A CBS News poll conducted in late March found that while 59% of Americans — including 60% of whites and 55% of blacks — considered race relations in the U.S. to be generally good, about half (52%) thought there was real hope of ending discrimination altogether while 46% said there would always be a lot of prejudice and discrimination. About six-in-ten blacks (61%) held the view that discrimination will always exist compared to 44% of whites.
In a survey conducted last year before the 50th anniversary of the March on Washington, the Pew Research Center found that fewer than half (45%) of all Americans said that the U.S. had made substantial progress toward racial equality since that historic event, while 49% said a “lot more” needs to be done.
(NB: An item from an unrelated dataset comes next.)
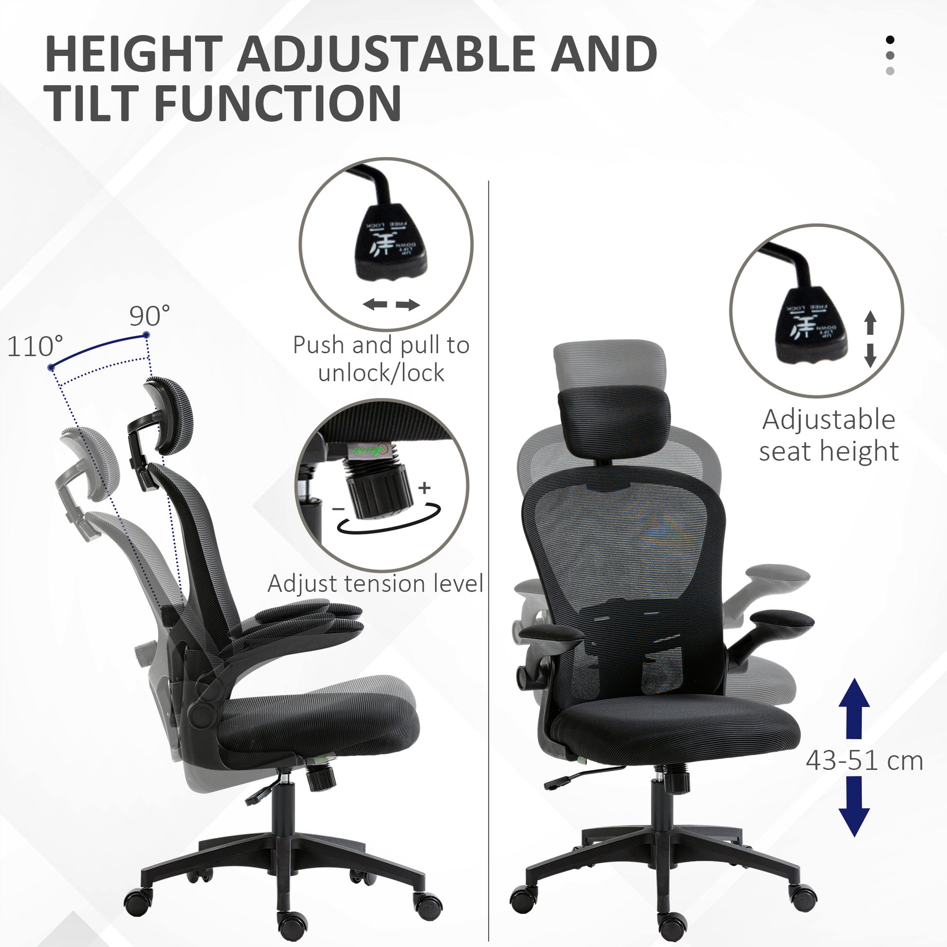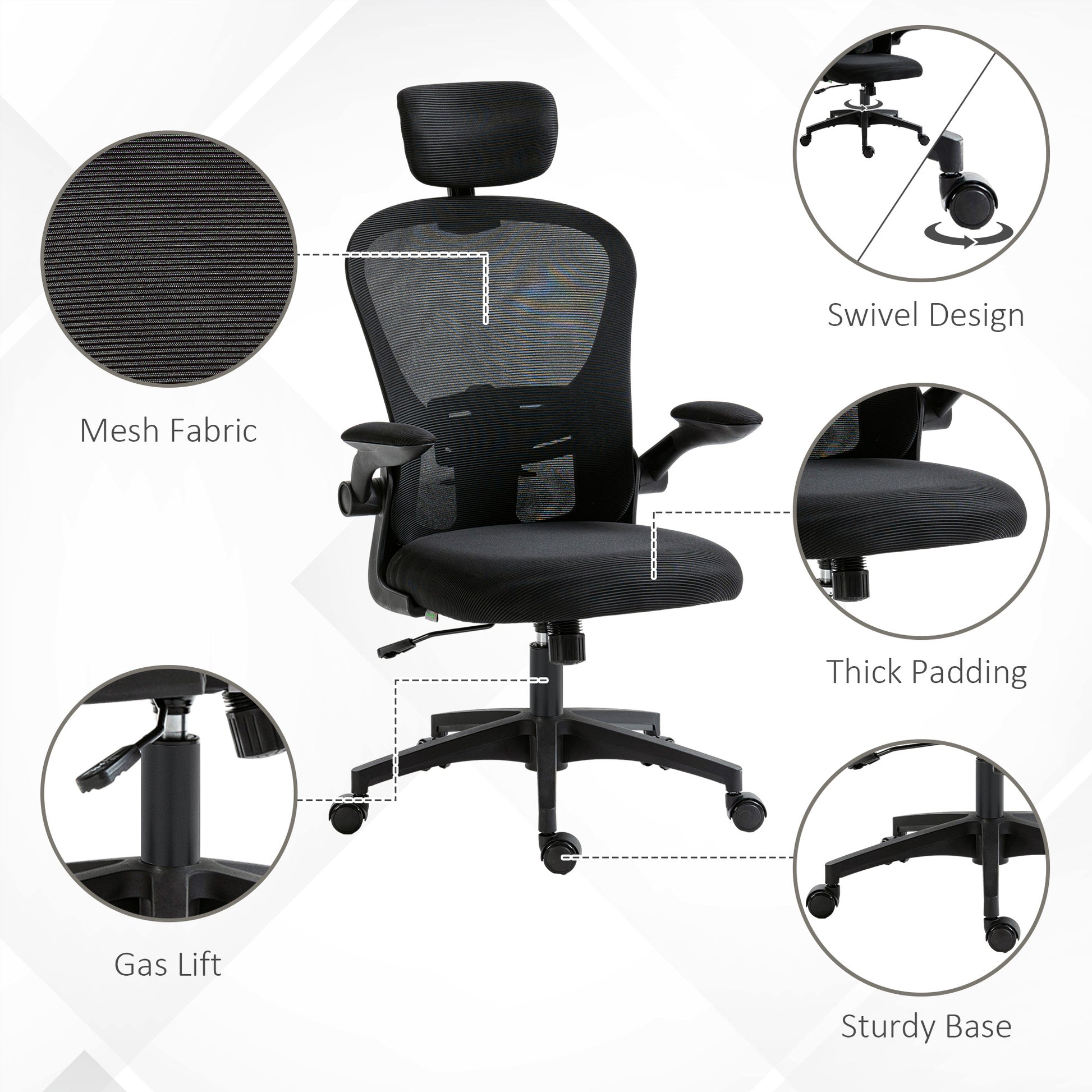 Vinsetto Multi-Adjustable Office Chair, with Lumbar Support, Headrest and Mesh Back - Black

Among blacks, just 32% said the country had made a lot of progress since the 1960s and about eight-in-ten (79%) said a lot more work needs to be done. Whites have a sunnier outlook: About half (48%) said a lot of progress had been made and, compared with blacks, a smaller share (44%) said a lot more needs to be done.
The racial divides in assessments of how much progress had, or had not, been made extended to the specific areas that the 1964 act addressed: equal employment opportunity, public accommodations, public education and voting rights.
A larger share of blacks than other racial and ethnic groups today said that blacks in their communities were still treated less fairly than whites when it came to these areas. Hispanics tended to fall somewhere in between whites and blacks on these questions.
In the survey, about a third (35%) of blacks said they had personally experienced discrimination or been treated unfairly because of their race or ethnicity over the past year. That compared with 20% of Hispanics and 10% of whites.
Bruce Drake is a Senior Editor at the Pew Research Center.